(Beginning of LISTED ENTRIES)
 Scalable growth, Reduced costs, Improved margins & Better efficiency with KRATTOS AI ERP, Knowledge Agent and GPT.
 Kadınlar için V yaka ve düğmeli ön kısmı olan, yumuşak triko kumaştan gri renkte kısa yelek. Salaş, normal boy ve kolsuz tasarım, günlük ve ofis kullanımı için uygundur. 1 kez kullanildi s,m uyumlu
(End of LISTED ENTRIES)
(Beginning of LISTED ENTRIES)
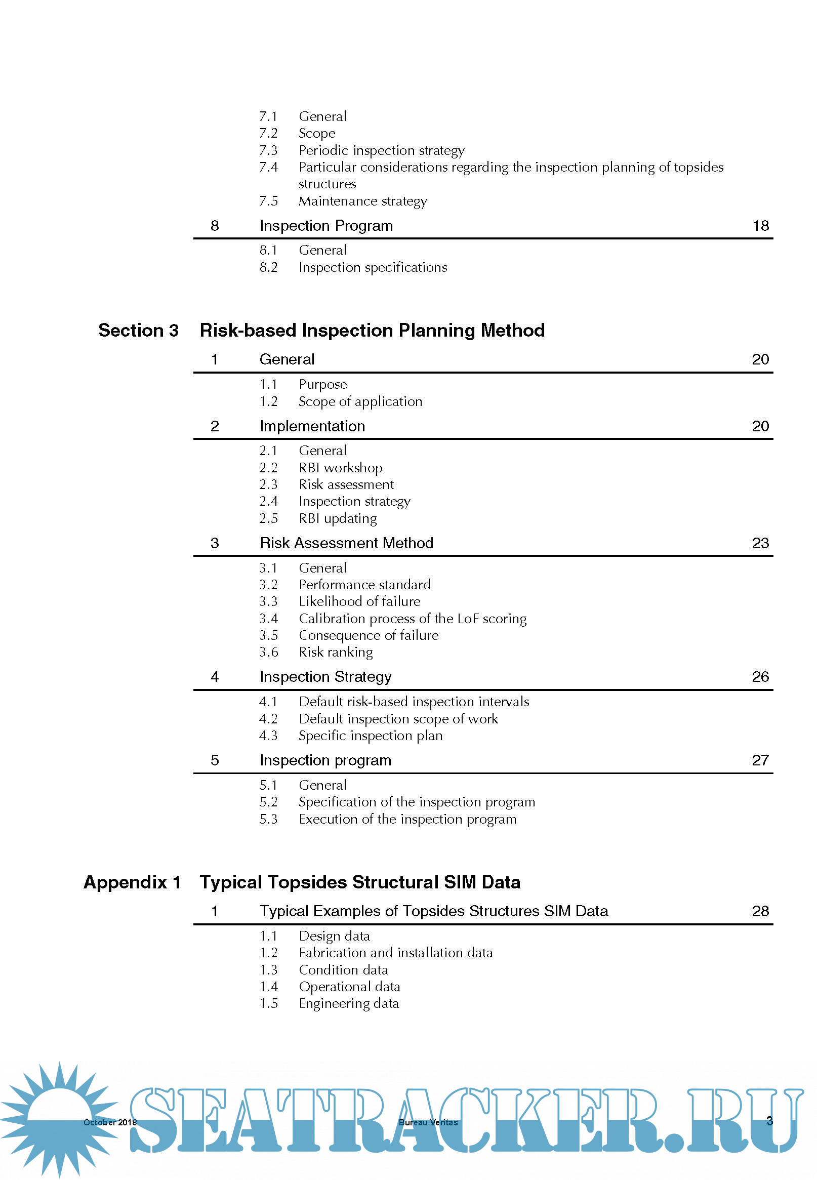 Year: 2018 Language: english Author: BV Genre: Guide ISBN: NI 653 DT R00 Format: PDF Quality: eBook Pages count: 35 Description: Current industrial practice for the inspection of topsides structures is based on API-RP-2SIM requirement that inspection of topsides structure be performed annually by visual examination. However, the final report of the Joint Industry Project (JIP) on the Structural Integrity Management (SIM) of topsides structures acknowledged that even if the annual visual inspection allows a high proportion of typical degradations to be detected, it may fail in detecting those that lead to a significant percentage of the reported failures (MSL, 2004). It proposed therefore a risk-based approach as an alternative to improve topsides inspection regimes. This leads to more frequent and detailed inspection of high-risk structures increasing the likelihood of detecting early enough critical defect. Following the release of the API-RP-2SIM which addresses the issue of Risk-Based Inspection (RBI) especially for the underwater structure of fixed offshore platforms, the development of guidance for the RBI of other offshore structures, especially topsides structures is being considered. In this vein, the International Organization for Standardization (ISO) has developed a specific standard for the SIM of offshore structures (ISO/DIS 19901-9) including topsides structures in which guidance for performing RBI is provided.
(End of LISTED ENTRIES)
All lines in the listing above from the line containing "Scalable growth, Reduced" to the line containing "Kadınlar için V", inclusive, should be retyped exactly; no other lines should appear.

## ANSWER SPACE
 Scalable growth, Reduced costs, Improved margins & Better efficiency with KRATTOS AI ERP, Knowledge Agent and GPT.
 Kadınlar için V yaka ve düğmeli ön kısmı olan, yumuşak triko kumaştan gri renkte kısa yelek. Salaş, normal boy ve kolsuz tasarım, günlük ve ofis kullanımı için uygundur. 1 kez kullanildi s,m uyumlu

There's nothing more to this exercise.